Finding Fairer Ways of Taxing Retirement Savings – John Freebairn
How government should best facilitate the process of funding retirement is a hotly contested issue. Particularly relevant to Australia’s ageing population, Freebairn offers some policy prescriptions to problems in the current system of administering superannuation. A web of incentives and concern for welfare, superannuation is a classic economic conundrum.
The Lottery of Life – The Economist
Another of The Economist’s several indexes, this aggregation ranks countries by ‘where-to-be-born’ in 2013. A ringing endorsement of true-blue Australian patriotism, Australia ranks highly on quality-of-life ladder, which combines a range of economic and social criteria to quantify ‘luck’ for being born within various borders. Follow the link to see which countries performed best!
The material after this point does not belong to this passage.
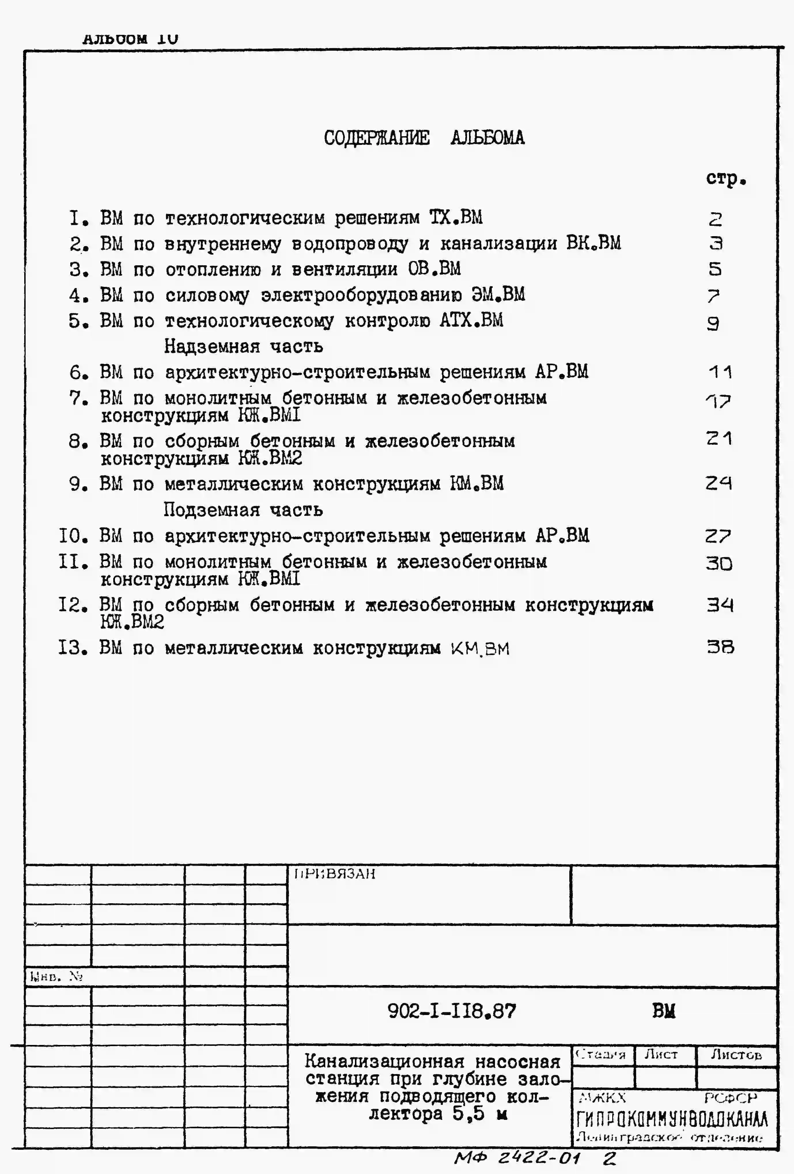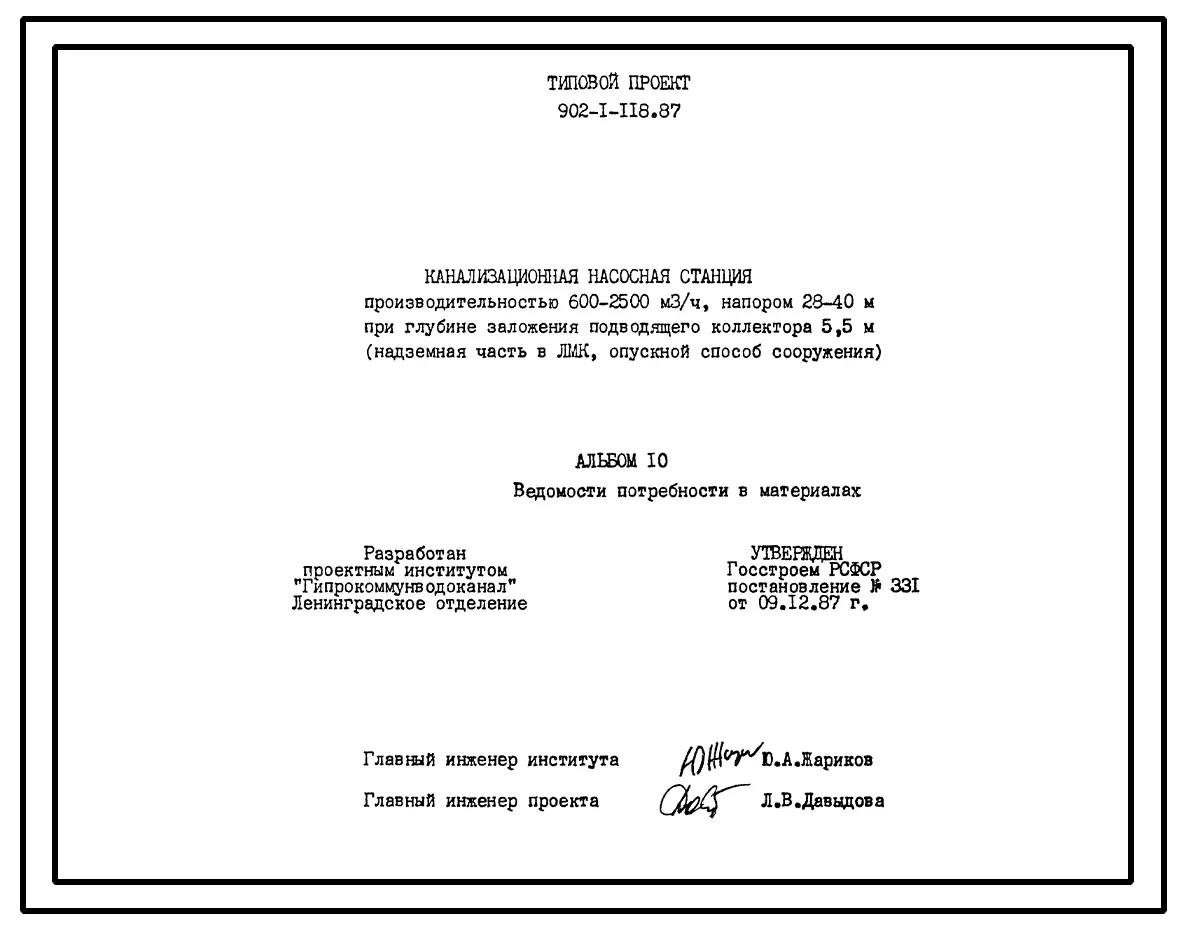 Типовой проект 902-1-118.87 Канализационная насосная станция производительностью 600–2500 м3/ч, напором 28–40 м при глубине заложения подводящего коллектора 5,5 м (в сборных железобетонных конструкциях, опускной способ сооружения)

Fact Check: Will 50pc of Australians Die Before They Can Access Their Superannuation? – ABC Fact Check
ABC Fact Check finds against Mr Palmer’s claim that more money should flow through to workers’ pockets now, rather than to super on the basis that super will not be accessed by a significant proportion of the population. These comments come amidst ammendment to the previous Labor government’s legislation, which had employer super contributions rise from 9.5% to 12% by 2019 (now postponed to 2025). A well-reasoned statistical refutation.
The Economics of Sport: How the Cost of Injured Players Has Ensured Fewer Fights – Andrew Leigh
In a healthy application of sports economics to the trend of decreasing on-field fracas, Leigh presents a few key reasons for this phenomenon. Convinced that referees are biased? In traditional style, Leigh provides the answer!